The Jolly Librarian Ponders Privacy

Let me say that I know very little about the sad events at Rutgers that led to the suicide of a promising young musician other than what I read in the newspaper. So I don’t want anyone to think that I am commenting on any of the young people involved. But this was the latest event that has made me wonder about the nature of privacy in a 24-7 world where everyone not only wants but has a shot of getting their 15 minutes of fame.

 Of course, when you grow up where people are willing to do just about anything to be famous, including singing very badly, swallowing bugs, finding a spouse, or going through rehab, then perhaps it is not out of the realm of possibility to believe that the only thing that matters is to be a YouTube sensation. Maybe privacy is one of the ideals that will be sacrificed on the altar of instant celebrity and constant amusement.

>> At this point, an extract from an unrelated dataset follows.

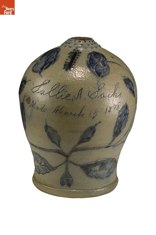 This toy bank was made of a durable, leak-proof pottery called stoneware, shaped on a revolving potter's wheel. The orange-peel-like outer glaze was created when the potter threw handfuls of common rock salt into a white-hot kiln during the piece's firing. Salt-glazed stoneware pieces were decorated with an amazing array of designs, including the leaves and flowers on this piece.

But privacy squandered can never be retrieved or taken back in a do-over. College definitely is a time when we make stupid mistakes. And I still cringe over some of the things that I said and did during those years. Thank God, that I do not have to witness them being played online, an eternal visual display for those who would want to see my more stupid moments.

And even now, decades later, to think that anyone would have found it amusing to tape me in an intimate moment and show it to other people as some sort of joke horrifies me more than I can say.  I don’t know if I ever would have recovered from such a betrayal.

And it is a betrayal. To take someone else’s private life and broadcast it without their permission is not just bad taste. It is betrayal of the worst kind. Just because people get paid money for it when those tapes are of celebrities does not make any less so.

We live in a society where some people clamor and climb over each other for their few minutes of celebrity. And for some reason, we sometimes reward this behavior with money and fame. And we have every right to participate in this if we choose. But we have no right to drag others in with us against their will and without their knowledge.